“Stupid, stupid, stupid! He said I would do it and I did it.”  And then, to add insult to injury the rooster crowed, stupid bird.
Could anything else go wrong?  Looking around to make sure no one saw my betrayal I looked him straight in the eye and my world fell apart.
It seemed like I had known him forever, but had I ever known him at all?
It started three years ago, just thirty-six months but what a ride it had been: 
We were mending our nets on the shores of Gennesaret.  It hadn’t been a bad night fishing, but it hadn’t been great and I wanted to get the gear cleaned up and go home to Esther.
As much as I loved fishing, there were times I wished I could work at a job where I could spend the nights with the one I loved. It was wrong in so many ways to be going to bed when she was just beginning her day, but I was a fisherman just as my father had been and his father had been. For over a hundred years my family had fished these waters, and that would not change soon. 
Oh well, it could have been worse, I could have been born a farmer. The thought of following the wrong end of an ox through a field day after day was enough to send me back to my nets with a smile on my face.
“Simon, Simon wake up.” Andrew’s voice broke through my daze. “You’ve been working on that same spot for the past ten minutes. Are you mending twine or knitting a shawl for Esther?”
“Sorry Andrew, I was gone for a while but I’m back.” Andrew was my brother and business partner but more than that he was my best friend. There were only eleven months separating us and we had virtually grown up as twins.
“So, Simon have you given anymore thought to what we’ve been talking about?”
“You gonna narrow it down for me, we talk all the time.”
  “Come on, you know what I’m talking about, the Messiah.”
  “Right, how could I forget the Messiah? He will rescue us from the big bad Romans and make us a mighty nation again.”
  From the look on Andrews’ face, I knew I was pushing all the right buttons. And why not? Isn’t that what big brothers are for? 
 “Don’t joke like that, all you have to do is look around at what’s happening. The time is right; the signs are all pointing to the coming Messiah.”

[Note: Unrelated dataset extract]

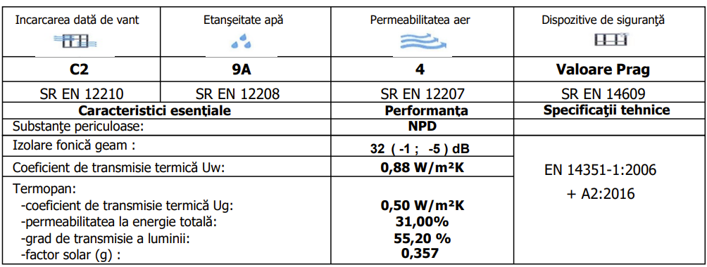 Coeficient de transmisie termica Uw = 0.88 W/m2K

“I know little brother, but the time has been right, and the signs have been pointing to your precious Messiah for three hundred years and he’s still not here. Who is it this time? And don’t tell me it’s John.”
“But Simon, everyone thinks John’s the one.”
“Everyone but John little brother.  If he’s your messiah, he’s an unwilling one. Remember what you told me he said just the other day; ‘Someone is coming soon who is greater than I am—so much greater that I won’t even be worthy to be his slave.’”
“Go ahead and laugh but one of these days it will happen and then the joke will be on you.  It won’t be so funny then will it?”
“Fine, you go looking for your precious messiah.  Personally I’m looking forward to getting washed up to get rid of the fish stink, a shoulder rub and eight hours of sleep.  See you back here later tonight little brother.  And get some sleep. You’re no good to me at night if you spend your days chasing messiahs.”
  Not that I could blame Andrew, Israel was only a shell of the nation it had been under King David. First, it had been the Babylonians then the Assyrians and now it was the Romans. For the past five hundred years, one foreign army or another had walked our roads.
The Romans were no better or worse than any of the rest, but they still held the sword and they never let us forget who was in control. Was it any wonder that Andrew and his friends looked to the heavens for a solution?
Oh well, I’d leave thoughts of Messiahs to the others because right now all I wanted was food and sleep.